START Data in this exercise

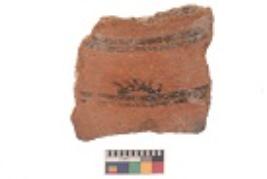 | Description / विवरण | Specimen of black on red ware with black decorative Horizontal lines and half sun design geometric and nature painting. |
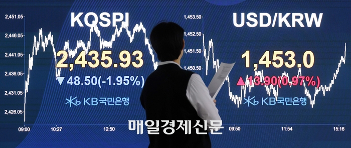 19일 서울 여의도 KB국민은행 딜링룸에 주가지수와 원달러 환율 가격이 표시되고있다. 2024.12.9 [김호영기자]
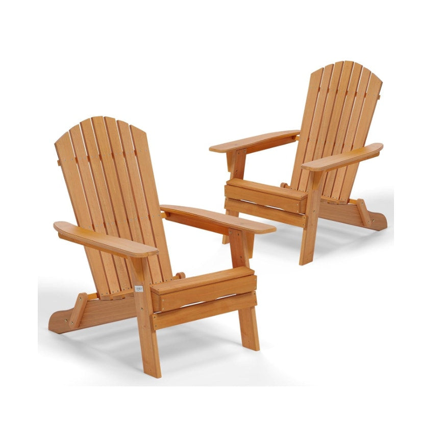Set-of-2 VINGLI Folding Adirondack Chairs, Wood Adirondack Chair Outdoor - Brown
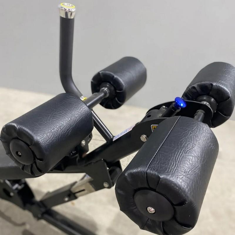 Комфорт и стабильность при выполнении упражнений на скамье обеспечивает длинная спинка с подголовником и подушка для бедер, которые снижаю давление на позвоночник и поясничный отдел. Две пары мягких валиков надежно фиксируют ноги спортсмена.
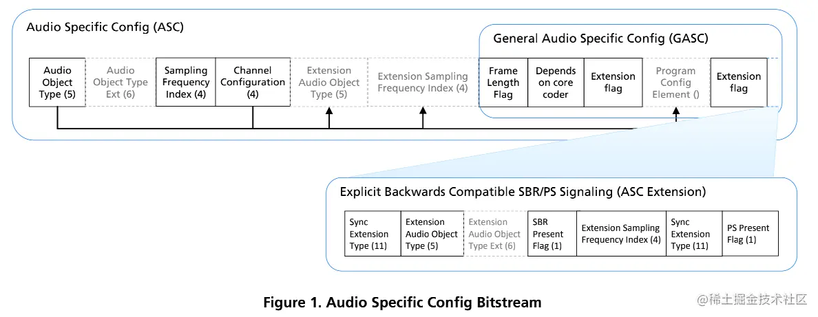 ASC没有定义为固定字段结构,而是通过伪代码描述。 ASC由两部分组成,通用部分包含大多数MPEG-4音频对象类型所共有的信息,第二部分包含特定于音频对象类型的信息(例如帧长)。 对于AAC-LC和HE-AAC,第二部分在标准中称为GASpecificConfig。
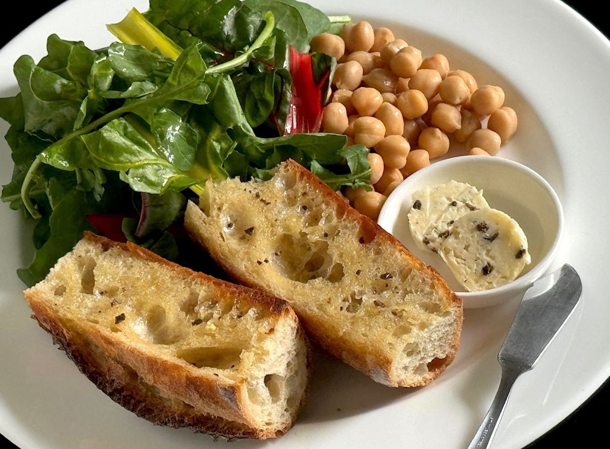 食事用のパンで味わうなら白トリュフバターをぬって、トースターでこんがり焼いてどうぞ。バターがパンの中まで染み込んで、パン全体がトリュフ風味に。食べるときに“追い白トリュフバター”すれば、さらにリッチに。サラダと合わせれば立派なワンプレートです。
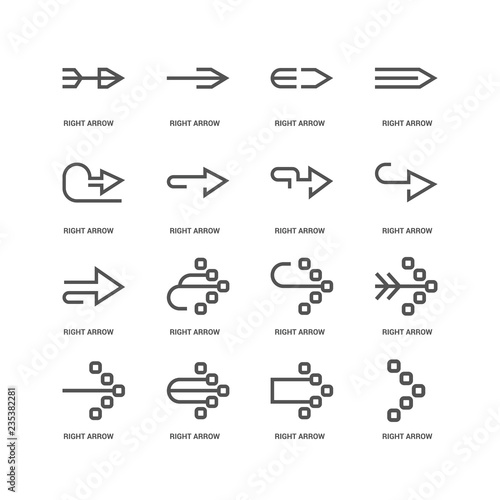 Fototapeta premium Simple Set of 16 Vector Line Icon. Contains such Icons as Right
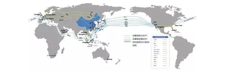 目前在全球63条海缆上拥有资源,其中参建海缆11条,深度覆盖亚太、通达欧美、一带一路国家地区。
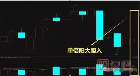 單倍陽:今天的量柱比昨天的量柱高一倍左右,切陽線實體高于前日;
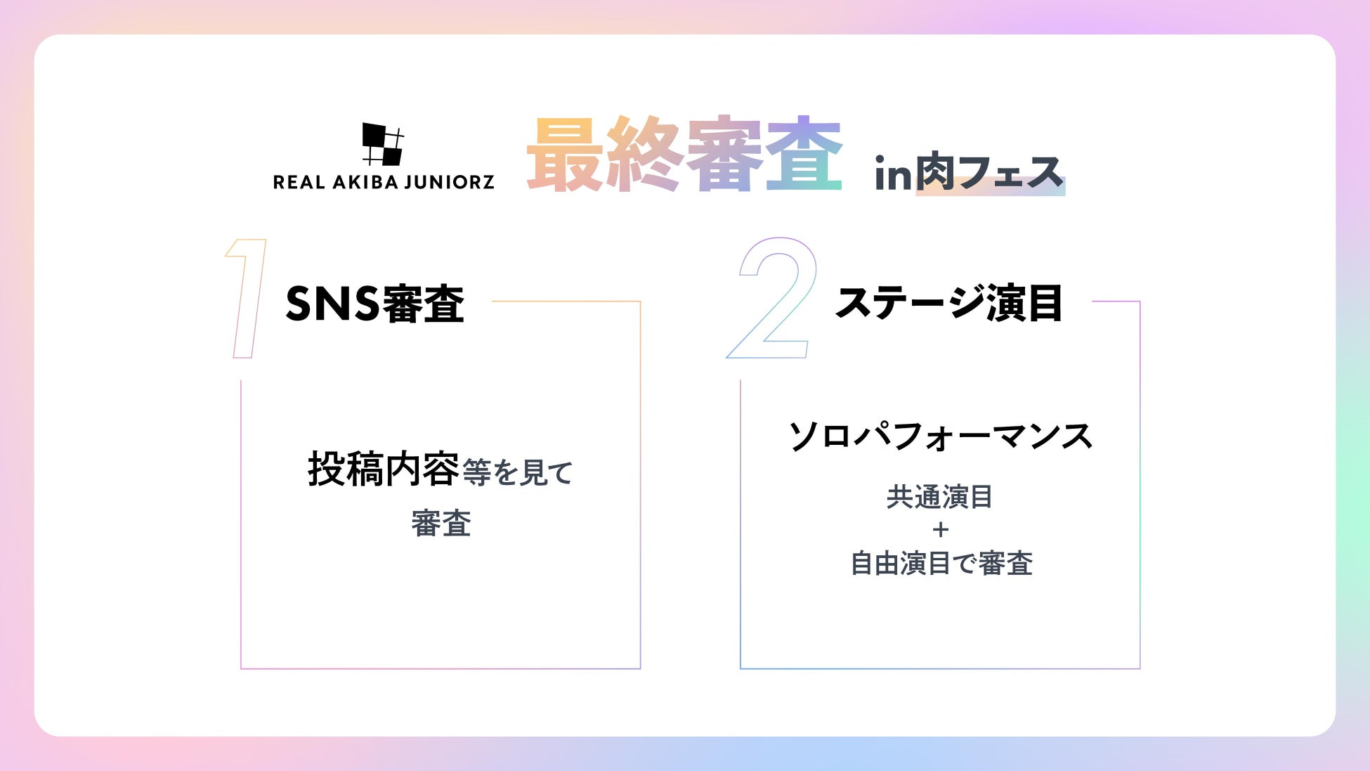 アニソン×ダンスエンターテインメントYouTuber「REAL AKIBA BOYZ」がプロデュースするジュニアユニット『REAL AKIBA JUNIORZ』第2期メンバーの最終審査が2025 年 5 月 5 日(月・祝)に開催される「肉フェス 2025 TOKYO ステーキ王決定戦」特設ステージにて実施されることが決定いたしました。
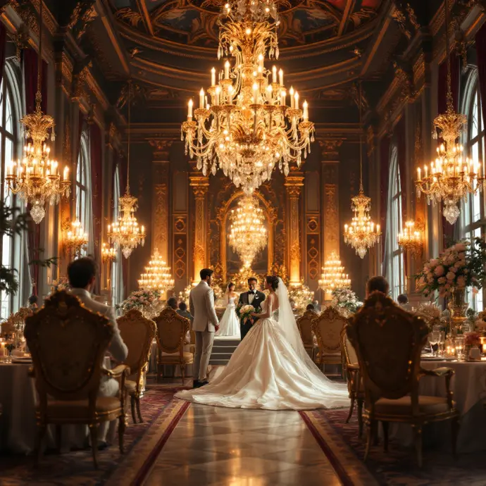 Une atmosphère de château, chandeliers majestueux, décor grandiose et service haut de gamme pour une journée digne de la royauté française.
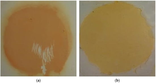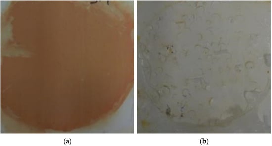 Figure 10a shows the surface of the NBR-CW sample in which only a colour change of the material occurred after exposure to 30% HCl for 90 days. After scratching the surface, it was possible to easily remove the coloured layer, by which it was found that the colouring is only superficial and does not go through the whole layer of the surface.
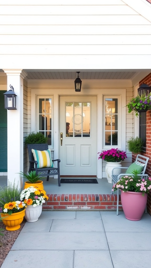 When it comes to sprucing up your front porch, colorful accents can make a huge difference. The image showcases a welcoming porch adorned with vibrant flowers in various pots, instantly bringing life to the space. Bright yellows, pinks, and whites create a cheerful atmosphere, making it a perfect spot to relax or greet guests.
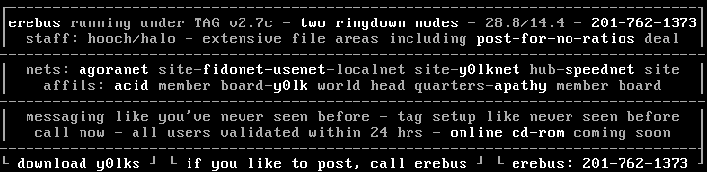 ------------------------------------------------------------------------------erebus running under TAG v2.7c - two ringdown nodes - 28.8/14.4 - 201-762-1373 staff: hooch/halo - extensive file areas including post-for-no-ratios deal -------------------------------------------------------------------------------- nets: agoranet site-fidonet-usenet-localnet site-y0lknet hub-speednet site affils: acid member board-y0lk world head quarters-apathy member board -------------------------------------------------------------------------------- messaging like youve never seen before - tag setup like never seen before call now - all users validated within 24 hrs - online cd-rom coming soon ------------------------------------------------------------------------------- download y0lks if you like to post, call erebus erebus: 201-762-1373
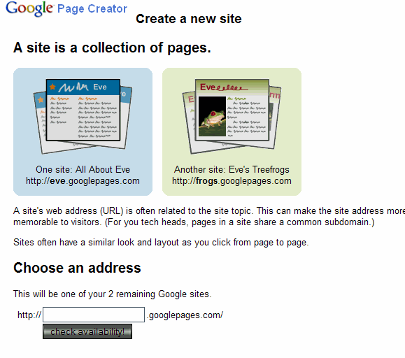 Después de seguir las instrucciones anteriores, usted encontrará una página con "crear un nuevo sitio ' en la esquina superior derecha. Haga clic en él. Nombre de tu sitio y presiona 'comprobar disponibilidad' (quizás tenga que repetir hasta que encuentre un nombre que no se toma.) Desplácese hacia abajo y elegir un diseño de partida, entonces baje más y elige un look partido. (usted puede cambiar estos más adelante) ahora todo lo que tienes que hacer es hacer clic en las partes de la página que decir cosas como 'haga clic aquí para entrar en título de la página' y escriba los nombres en Inglés, no HTML. Hay fotos para ayudarte.
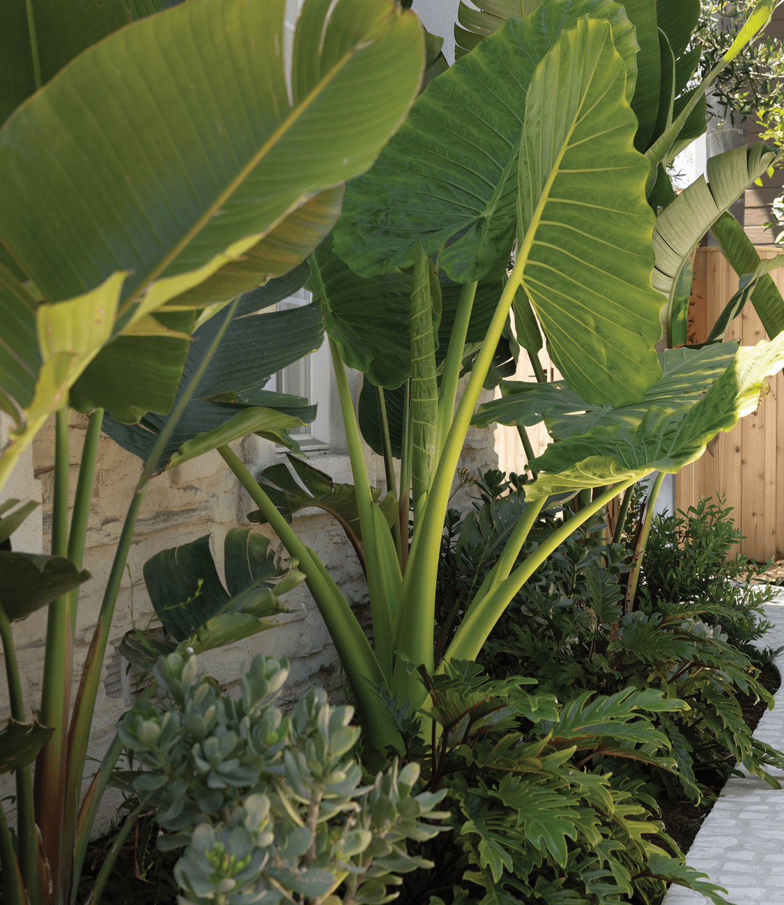 The natural environment combines an arid plant palette with bold, broadleaf tropicals; olive trees and shrubs, lavender, Pittosporum, Senecio serpens, Senecio decaryi, and Crassula ‘Blue Bird’ meet Strelitzia nicolai, giant elephant ears, and triangle palm.
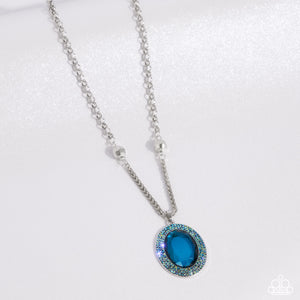 Manufactured Majesty Blue & Iridescent Rhinestone Necklace - Paparazzi Accessories
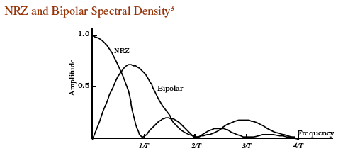 | Bipolar NRZ | Lower bandwidth | No timing information | No DC component |
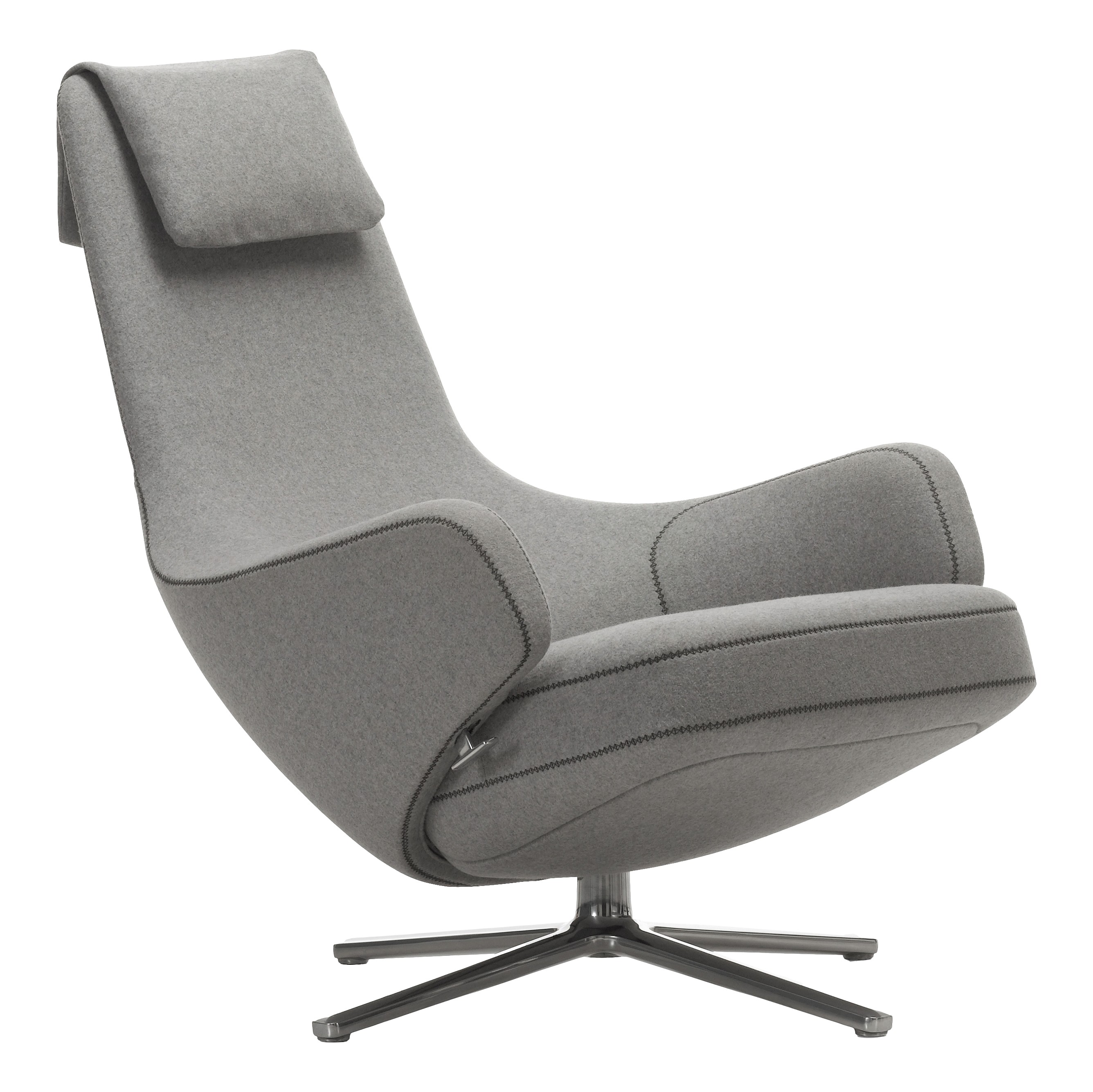 Der elegante, aber dennoch funktionale Lounge-Sessel bietet durch seine raffinierte, im Inneren verborgene Synchronmechanik einen idealen Rückzugsort. Er passt sich individuell dem Körpergewicht an, lässt sich arretieren und sorgt in jeder Sitz- oder Liegeposition für optimalen Halt und höchsten Sitzgenuss.
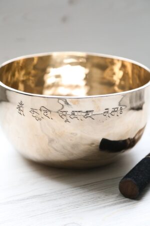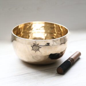 Translating to, “dispeller of darkness,” chanting the Sun Mantra helps to illuminate the mind, dispel negative thoughts, and bring inner clarity. This bowl, a physical embodiment of the sun’s energy, is a powerful tool for sound healing. The mantras ability to dispel darkness is amplified by the bowls vibrations. Chanting or focusing on the mantra while playing your bowl aligns you with this powerful energy, promoting feelings of vitality, warmth, and optimism.

END Data in this exercise

**Your objective**
Look above for the line with "Une atmosphère de" and the line with "Figure 10a shows"; set down those two lines and all lines between them exactly, without pictures and without anything else.

**Expected answer**
 Une atmosphère de château, chandeliers majestueux, décor grandiose et service haut de gamme pour une journée digne de la royauté française.
 Figure 10a shows the surface of the NBR-CW sample in which only a colour change of the material occurred after exposure to 30% HCl for 90 days. After scratching the surface, it was possible to easily remove the coloured layer, by which it was found that the colouring is only superficial and does not go through the whole layer of the surface.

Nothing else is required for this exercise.